About Keiko Fukuda
Fukuda was born into an upper-class samurai family in Tokyo, where the traditional path for women was to marry and bear children. But Fukuda’s life was predestined differently two generations earlier when her grandfather (a jiujitsu master) became the first teacher for Jigoro Kano, who then went on to develop a new era of martial arts by creating judo.
When she was 21, Fukuda was invited by judo’s founder, Jigoro Kano, to join the newly formed women’s division of the Kodokan (the home of judo). Kano was a visionary and encouraged women to throw one another around on judo mats at a time when most women dared not bare their legs.

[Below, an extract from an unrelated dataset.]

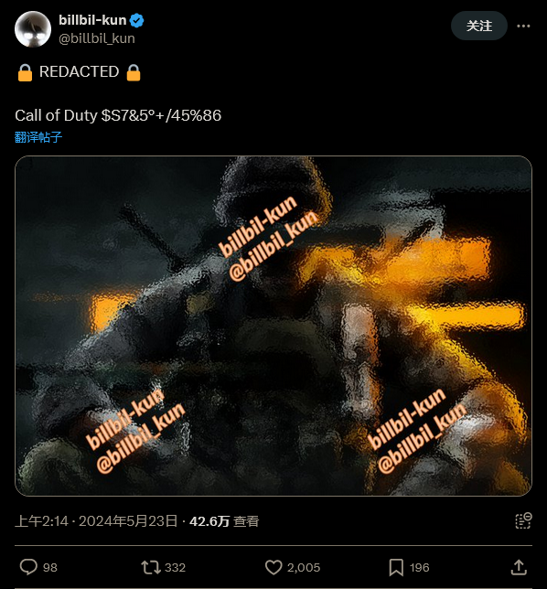 作为最近《使命召唤》泄露潮的一部分,《黑色行动6》的首张封面艺术图也已在网上泄露。当然为了不遭到动视律师函警告,它被模糊化打码。 图片由著名泄密人士 Bilbil-kun(坤哥)提供,之后另一位用户 TheFrenchHench 发布了无水印版本。 两位泄密者均是通过数据挖掘获得大部分信息的,虽然来源不详,但这表明游戏的图像已经上传至某个服务器上,并且即将正式公布。早些时候,2024 年系列新作的首个先导预告小游戏已经在网上发布。 据 Insider Gaming 称,今年的《使命召唤》大概将于 10 月下旬(很可能是 10 月 25 日)发售。游戏将在 6 月 9 日的 Xbox 游戏展示会之后单独的展会上公开更多细节。 最近有大量消息证明,这款备受期待的新作将首发加入 XGP。不过据称微软会因此对 XGP 的收费不同分级进行调整。 |

Kano’s untimely death in 1938 left female judo students at the mercy of the old-fashioned, sexist Kodokan Judo Institute for several decades.
During WWII, Fukuda braved the streets of firebombed Tokyo and commuted daily to teach her beloved judo classes. Kano had charged his students with going abroad and expanding the world of judo. Fukuda had already made a lifetime commitment to judo and took this on. Soon after the war ended, she was invited to the U.S. to teach judo. This opened up a new world for her and she taught judo to women and brought a skill level unmatched in the western world. She settled in San Francisco during the height of the women’s movement and soon opened her own judo dojo (studio). Fukuda became friends with one of her students, Dr. Shelley Fernandez, who was the president of NOW in San Francisco. Fernandez took on the cause of judo inequality for women and petitioned the Kodokan to promote Fukuda to 6th degree after she was frozen at 5th degree for 30 years. (1972) Forty years later she became one of only four living, to hold the rare honor of 10th degree.
Fukuda Sensei passed away on February 9, 2013. She was 99 years old, and had taught judo in San Francisco until just before her death. She was last disciple of judo’s founder, Jigoro Kano.